Under Delaware law each director is a fiduciary and has fiduciary duties to shareholders and the company. In practice this means that as fiduciary, a director must not put his personal interest before the interest of the company and the shareholders. In the real world you only care about your own wealth maximization, however, when you become a director you have to think about the company and wealth maximization for all shareholders (not only preferred shareholders or only founders). For example, if a director puts his own personal interest ahead of the shareholders or acts negligently he can be found personally liable under Delaware law.
Duty of Care
Directors in Delaware are bound by the duty of care and duty of loyalty, which supplements specific responsibilities spelled out in the organizational documents of the company (articles of incorporation and bylaws) and shareholder agreements (voting agreements).
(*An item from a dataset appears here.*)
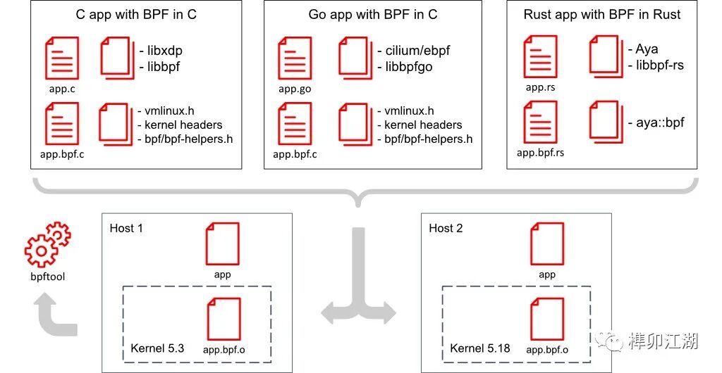 用户空间程序使用 C[16],内核空间 BPF 程序使用 C用户空间程序使用 Golang[17],内核空间 BPF 程序使用 C用户空间程序使用Rust[18],内核空间 BPF 程序使用 Rust这些应用程序开发栈如图 3 所示。
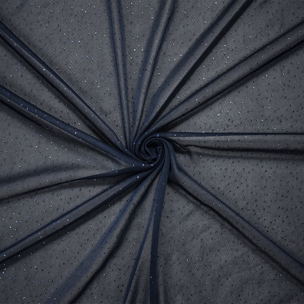 -Blue Polyester Metallic Stretch Spandex Sparkle Dot Mesh Knit Fabric

The duty of care is legal code word for “you can do that and can’t do that” and gives the board of directors’ guidelines on how to act. The standard for duty of care requires that all corporate duties must be discharged in good faith and with a degree of diligence, care and skill that an ordinarily prudent director would exercise under similar circumstances in like position. For example, if a director of company fails to attend any of the board of directors’ meetings or to keep abreast of the business corporation under certain circumstance (loss to the corporation) may be found liable for nonfeasence (not acting when there was a duty to act). Directors can be held liable also for misfeasance (improper actions). The concept of duty of care forces you to make informed business decisions as a member of the board. That is why all board decisions are accompanied by investigations with the help of outside professionals, like lawyers or accountants.
Duty of Loyalty
Stay focused what follows is also important about the duty of loyalty. When you are on the board of directors you can’t sleep around with other startups, kiss other companies (yes, we know you liked it) and ask people to call you maybe. In other words you have to be loyal to the company and its shareholders. The company stays first before anything else. The standard for duty of loyalty requires that all corporate decisions must be undertaken in good faith, consciousness, fairness, morality and honesty required by Delaware law (if you are incorporated in Delaware a as many US companies are). This is especially tricky for founder directors that receive stock grants or some other perks from the company to keep them motivated.
In general the founders as directors and recipients of goodies should not be on both sides of the transaction. Another problem area are VC director who technically represent investors, but nonetheless have to act in interest of the company. VC directors once they join the board of a startup must think in terms of wealth creation for the company not only their parochial interest as preferred stockholders.